A McKenzie Friend (MF) is someone who assists an unrepresented person in court. They can be a lawyer, but they are not a substitute for a lawyer. So lawyer or not, when acting as a MF they may not address the court; they can take notes, organise papers, whisper quietly to and generally assist the litigant. McKenzie v McKenzie (1970) 3 W.L.R 472 was a family law case and MFs are more common in family and guardianship matters, but they may be permitted in any court where an unrepresented person needs assistance to ensure fairness. However, some MFs are overbearing do-gooders, or bush lawyers, who cause disruption and delay rather than actually assist and will not be permitted to remain. In guardianship hearings where there is no right of representation, a lawyer can act as a MF.
Detailed Letters of Advice for Binding Child Support Agreements have been added to the Children publication in Family Law with one for the “payee” and one for the “payer”. The letters explain Child Support Assessments and the meaning and effect of Binding Child Support Agreements on the client’s rights. Each letter also lists the particular advantages and disadvantages of Binding Child Support Agreements for the “payee” and the “payer”. The “payee” letter explains the advantage of registering the agreement where there are non-periodic payments.
Locate these letters on the Children matter plan in Settling it Early in the Child Support folder.
New commentary on parenting orders in relation to grandparents has been added to the Children publication … Grandparents are entitled to apply for parenting orders pursuant to s 65C, which provides: A parenting order in relation to a child may be applied for by … (ba) a grandparent of the child; or … Whilst grandparents specifically have standing to make an application under the Family Law Act, it does not automatically mean orders will be granted. As with any parenting order, the court will always consider an application by the grandparents through the prism of what is in the best interests of the child: s 60CC.

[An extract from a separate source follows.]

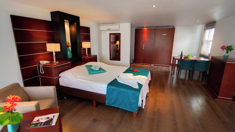 Das Van der Valk Plaza Beach & Dive Resort Bonaire ist ein All-Inclusive-Resort, das Paaren und Familien eine entspannte und abwechslungsreiche Urlaubserfahrung bietet. Mit seinem Privatstrand, dem Jachthafen und dem Zugang zu erstklassigen Tauchplätzen ist es der perfekte Ort für Wassersportliebhaber. Das Resort bietet zahlreiche Aktivitäten, darunter Bootsfahrten, Fahrrad- und Rollerverleih sowie ein Spa. Die Restaurants servieren köstliche Gerichte und erfrischende Getränke, während der Außenpool und die Sonnenterrasse zum Entspannen einladen. Ein Animationsprogramm und ein Casino sorgen für Unterhaltung.

Also, a new draft order has been added to the library of Children Orders: “Spending time with grandparents”.
The Costs Agreements for the Family Law publications – Property Settlement, Children, Financial Agreements and Divorce – have all been updated for each State and Territory to include the amended Itemised Scale of Costs that takes effect on 1 January 2018.
New Federal Circuit Court practice direction for the management of family law interim proceedings commences 1 January 2018.
The Reference Manual – 101 Family Law Answers is the first of the By Lawyers reference manuals to be updated to the new stylish format.
As well as the new format, two commentaries have been added in the Enforcement chapter.
Court enforcement of a child support debt: A child support debt, a debt occasioned due to non payment of a registered maintenance liability, is a debt to the Commonwealth, as opposed to the payer, and is recoverable by action taken by the Child Support Registrar: s 113; or by the payee: s 113A. …
Property orders – Enforcement and the overseas factor: Unlike parenting orders, the Family Law Act, Rules or Regulation make no provision for the registration of property orders in overseas jurisdictions, or the registration and enforcement of overseas property orders in Australia. Furthermore, Australia is not party to any international conventions which provide for the reciprocal recognition of property orders overseas. …
Commentary has been added to the Children and Property Settlement publications regarding the Harman undertaking:
Information obtained on discovery, subpoena or included within an affidavit cannot be used for a collateral or ulterior purpose unrelated to the proceedings in which that production occurs. This is called an implied or ‘Harman’ undertaking after Harman v Secretary of State for the Home Department  1 AC 280. It is a substantive legal obligation owed to the party who produces the documents and to the court: Hearne v Street  HCA 36 (6 August 2008) at -.
The Children’s commentary has been enhanced by adding further information regarding the binding nature of Binding Child Support Agreements and the discretion the Court may exercise to set an agreement aside. The Full Court of the Family Court decision in Masters & Cheyne  FamCAFC 255 (2 December 2016) looks at what changes may be sufficient to enliven the Court’s discretion, and they are extremely limited. The Court’s view is that binding agreements are meant to be binding and possible changes in parental arrangements should be considered before executing the agreement.
The changes to the Itemised Scale of Costs in the Family Law Rules apply from 1 January 2018.